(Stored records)
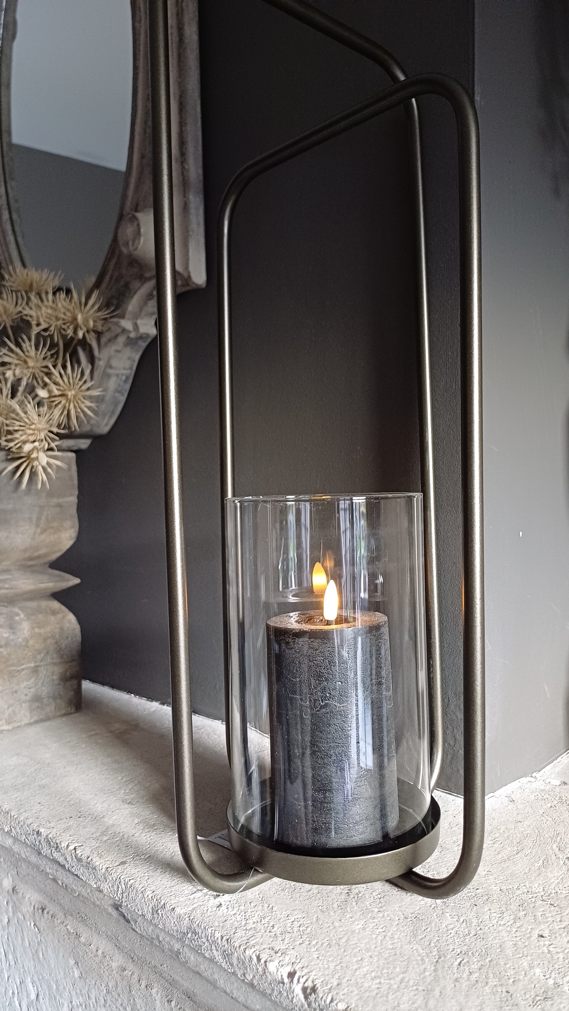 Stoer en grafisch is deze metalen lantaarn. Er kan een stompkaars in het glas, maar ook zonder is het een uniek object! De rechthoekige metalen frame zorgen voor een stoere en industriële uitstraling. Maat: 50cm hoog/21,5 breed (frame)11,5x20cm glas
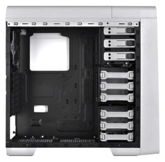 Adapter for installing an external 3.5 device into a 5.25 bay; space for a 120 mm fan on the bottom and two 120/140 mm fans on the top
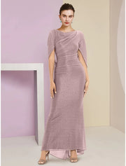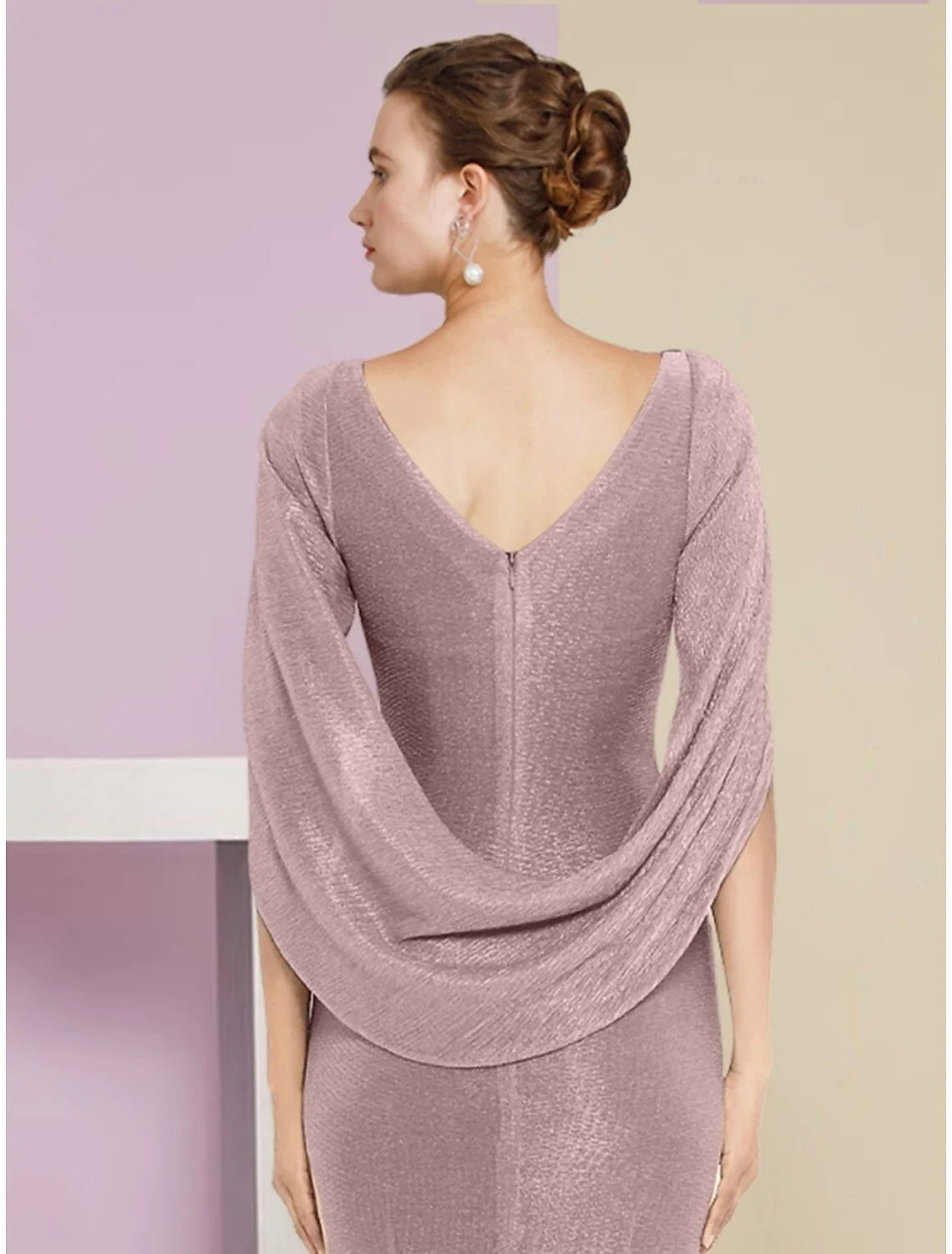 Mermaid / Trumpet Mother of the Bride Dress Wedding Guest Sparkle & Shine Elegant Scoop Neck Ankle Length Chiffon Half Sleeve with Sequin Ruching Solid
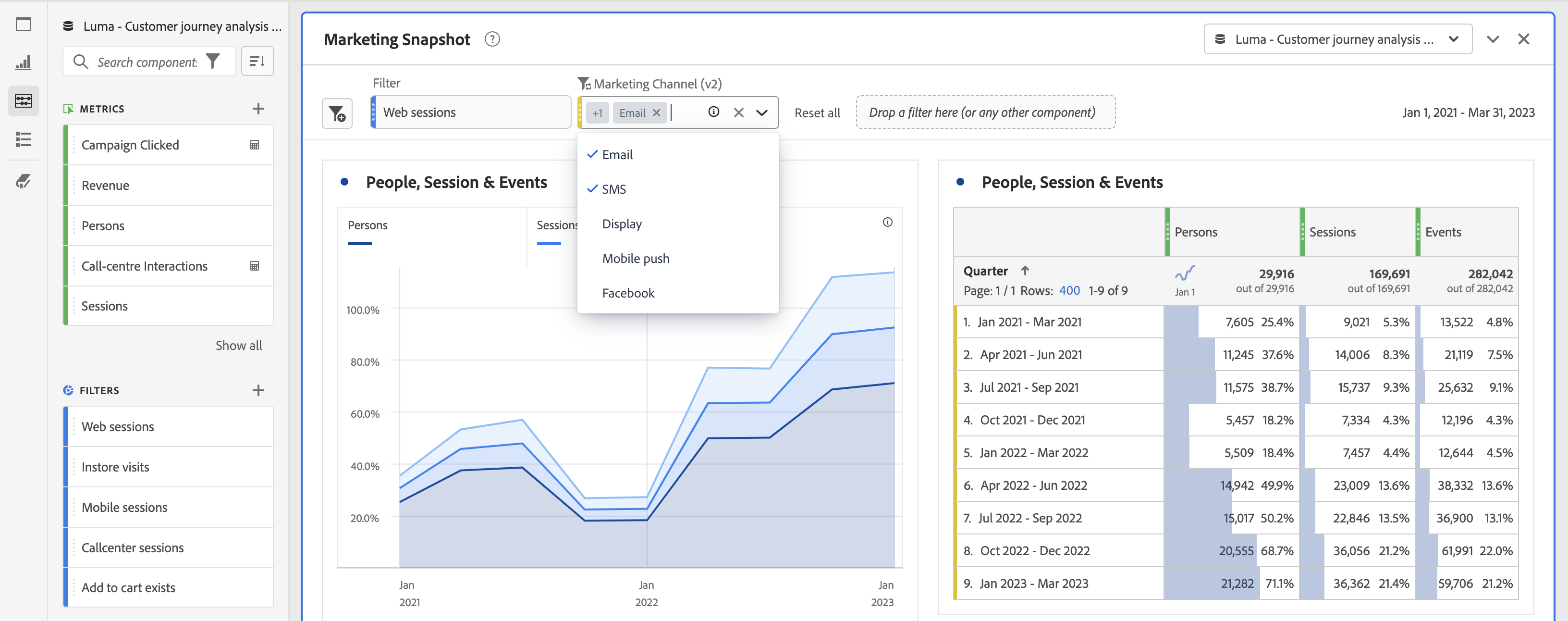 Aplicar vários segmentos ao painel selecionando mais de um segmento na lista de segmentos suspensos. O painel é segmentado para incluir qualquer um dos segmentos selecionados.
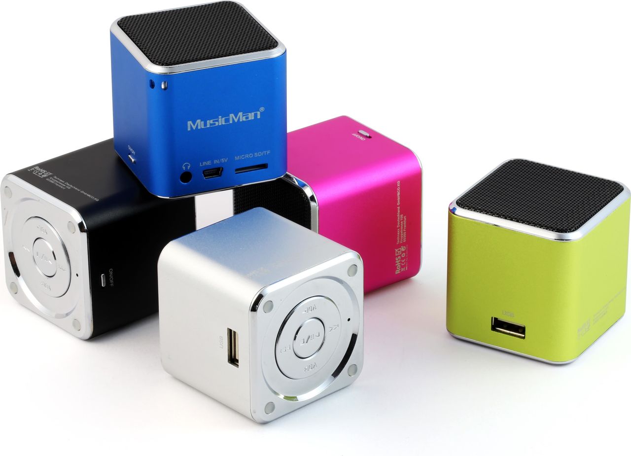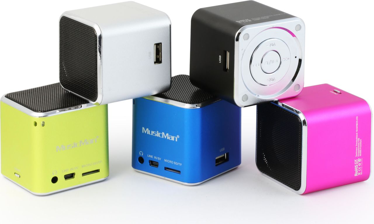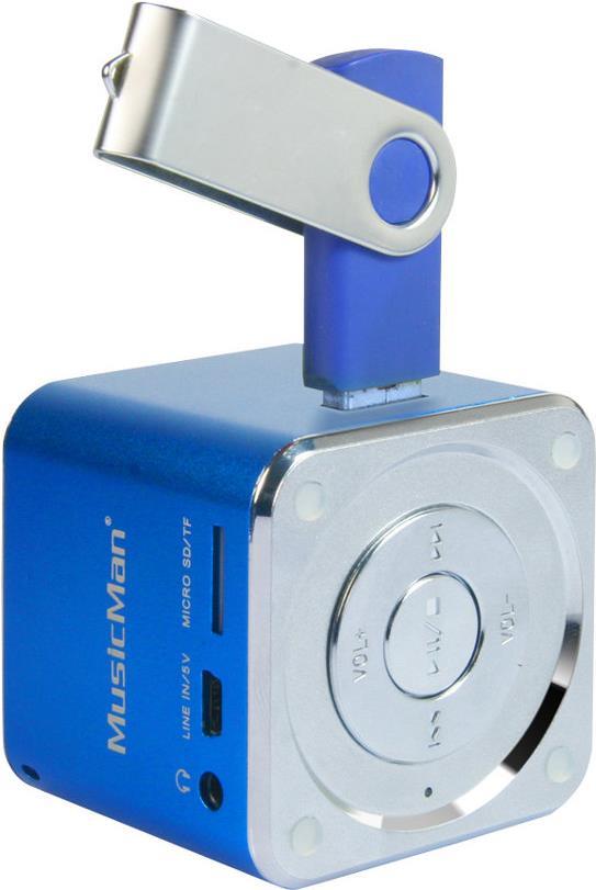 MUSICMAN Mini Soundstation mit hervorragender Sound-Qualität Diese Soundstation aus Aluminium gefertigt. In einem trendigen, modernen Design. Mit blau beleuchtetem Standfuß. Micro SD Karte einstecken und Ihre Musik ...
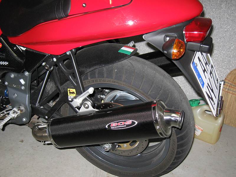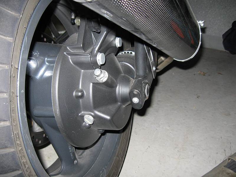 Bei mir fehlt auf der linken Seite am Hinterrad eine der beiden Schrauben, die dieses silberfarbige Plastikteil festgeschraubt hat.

- **Exercise**
Please output all the records above exactly, leaving out every picture.

- **Output for this task**
 Stoer en grafisch is deze metalen lantaarn. Er kan een stompkaars in het glas, maar ook zonder is het een uniek object! De rechthoekige metalen frame zorgen voor een stoere en industriële uitstraling. Maat: 50cm hoog/21,5 breed (frame)11,5x20cm glas
 Adapter for installing an external 3.5 device into a 5.25 bay; space for a 120 mm fan on the bottom and two 120/140 mm fans on the top
 Mermaid / Trumpet Mother of the Bride Dress Wedding Guest Sparkle & Shine Elegant Scoop Neck Ankle Length Chiffon Half Sleeve with Sequin Ruching Solid
 Aplicar vários segmentos ao painel selecionando mais de um segmento na lista de segmentos suspensos. O painel é segmentado para incluir qualquer um dos segmentos selecionados.
 MUSICMAN Mini Soundstation mit hervorragender Sound-Qualität Diese Soundstation aus Aluminium gefertigt. In einem trendigen, modernen Design. Mit blau beleuchtetem Standfuß. Micro SD Karte einstecken und Ihre Musik ...
 Bei mir fehlt auf der linken Seite am Hinterrad eine der beiden Schrauben, die dieses silberfarbige Plastikteil festgeschraubt hat.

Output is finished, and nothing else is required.